Here's another gawk program:

Code:

#!/bin/gawk -f
function Max(a,b)
{
  if (a > b) return a
  return b
}
BEGIN {
  if (out=="") out="/dev/stdout"
  label=0
  len=0
}
{
  data[$1][++count[$1]]=$2
  label=Max(label,length($1))
  len=Max(len,length($2))
}
END {
  
  max=0
  columns=asorti(count,ordered)
  for (i=1;i<=columns;++i) {
    max=Max(max,count[ordered[i]])
  }
  error=0
  for (i=1;i<=columns;++i) {
    if (count[ordered[i]] < max) {
      print "Warning: " ordered[i] " contained only " count[ordered[i]] " entries." > "/dev/stderr"
      error=1
    }
  }
  if (error) print "Short data set values will be reported as \"NaN\"" > "/dev/stderr"
  fmt=" %-" label+1 " s%" len+1 "s"
  for (j=1; j<= max; ++j) {
    for (i=1; i<=columns; ++i) {
      v = (j <= count[ordered[i]]) ? data[ordered[i]][j] : "NaN" 
      printf(fmt, ordered[i], v) > out
    }
    print ""
  }
}

Using Mr. Martin's data, that produces:

Code:

$ ./eameri eameri.data 
 901   0.1111111 902  -0.2222221 903  -0.3333331 904  -0.4444441
 901  -0.1111112 902  -0.2222222 903   0.3333332 904   0.4444442
 901  -0.1111113 902  -0.2222223 903  -0.3333333 904  -0.4444443

Note that the code does not require that the data be in any fixed order, and that it reports a non-fatal error if each set is not of the same length.

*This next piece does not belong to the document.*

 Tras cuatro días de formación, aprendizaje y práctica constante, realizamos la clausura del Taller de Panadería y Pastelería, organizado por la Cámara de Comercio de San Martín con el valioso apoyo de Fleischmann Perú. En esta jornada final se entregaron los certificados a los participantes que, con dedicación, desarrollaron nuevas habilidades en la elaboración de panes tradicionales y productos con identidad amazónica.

grail · 05-22-2013, 01:02 PM

Well assuming the order is present, the initial part is relatively easy:

Code:

awk '$1 != x{i=1;x=$1}{line[i] = line[i] (line[i]?FS:"") $0;i++}END{for(j in line)print line[j]}' file

But I would still need more details on the array part??

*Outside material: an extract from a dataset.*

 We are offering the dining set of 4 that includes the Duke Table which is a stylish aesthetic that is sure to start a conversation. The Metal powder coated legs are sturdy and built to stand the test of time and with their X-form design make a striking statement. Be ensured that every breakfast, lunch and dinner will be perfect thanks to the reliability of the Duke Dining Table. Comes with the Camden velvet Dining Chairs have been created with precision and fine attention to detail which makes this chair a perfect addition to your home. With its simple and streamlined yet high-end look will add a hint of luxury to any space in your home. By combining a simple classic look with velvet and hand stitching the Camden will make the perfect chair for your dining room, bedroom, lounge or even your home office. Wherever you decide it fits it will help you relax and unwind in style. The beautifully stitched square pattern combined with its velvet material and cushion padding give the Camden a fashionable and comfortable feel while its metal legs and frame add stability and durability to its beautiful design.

eamesj · 05-23-2013, 03:23 AM

Thanks guys,

Went with grail's awk - much quicker than the sed/paste/awk looping

for the array im doing a count on the file to get the maximum number of columns ($maxfile) and building an array of the odd numbered columns from 3 to $maxfile (to be the y values in a graph, the x value is column 1). the only way ive seen in bash is to use eval with {A..Z}

Code:

# build array for alternate columns
for i in $(eval echo {3..$maxfile}); do
	if [[ $((i % 2)) != 0 ]]; then
	    oddcol=($i)
		printf "%4d: %s\n" $i ${oddcol[$i]}
	fi
done

problem with this is that the output array is unpopulated

Code:

How can i populate this array with the index?

Code:

   3:3
   5:5
   7:7
   9:9
  11:11
etc..

grail · 05-23-2013, 04:15 AM

IF I am following (big IF as really not sure), then I have 2 suggestions:

1. Don't use eval as it really is not needed, simply create a standard for loop (see below)

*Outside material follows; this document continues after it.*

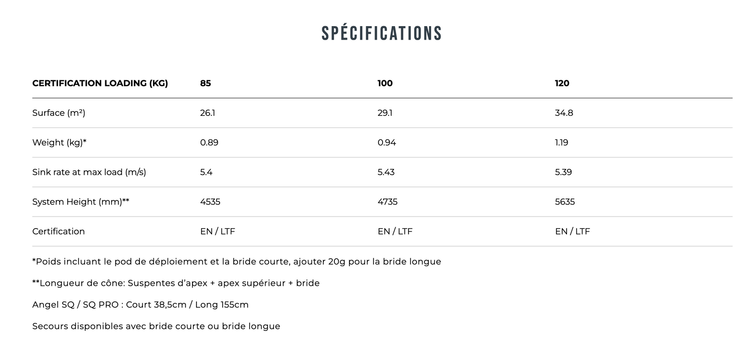 L’Angel SQ PRO est fabriqué avec les matériaux de la plus haute qualité : Dominico 10D et suspentes Dyneema Cousin. L’Angel SQ PRO est certifié EN et disponible en tailles 85, 100 et 120. Ces matériaux ont été choisis pour l’équilibre optimal qu’ils offrent en termes de longévité, de poids et de volume de pliage.

2. Each time you add to the array the index starts at zero and is incremented by one, however, you are calling the array at the same index as the column position, ie at 3 we add to the array the first
value but this will be at index 0 ... hence we would need to call ${oddcol[0]} and NOT ${oddcol[3]} (which is the value of 'i' at this point

So if above is correct:

Code:

j=0
for (( i = 3; i <= maxfile; i+=2 ))
do
    oddcol+=($i)
    printf "%4d: %s\n" $i ${oddcol[j++]}
done

konsolebox · 05-23-2013, 04:35 AM

Quote:

Originally Posted by grail

Well assuming the order is present, the initial part is relatively easy:

Code:

awk '$1 != x{i=1;x=$1}{line[i] = line[i] (line[i]?FS:"") $0;i++}END{for(j in line)print line[j]}' file

But I would still need more details on the array part??

grail excuse me but i don't see a part where it cycles back in the array after 200 lines?

Quote:

Originally Posted by eamesj

the only way ive seen in bash is to use eval with {A..Z}

I would have a big guess that you haven't seen or didn't bother to check my post at all?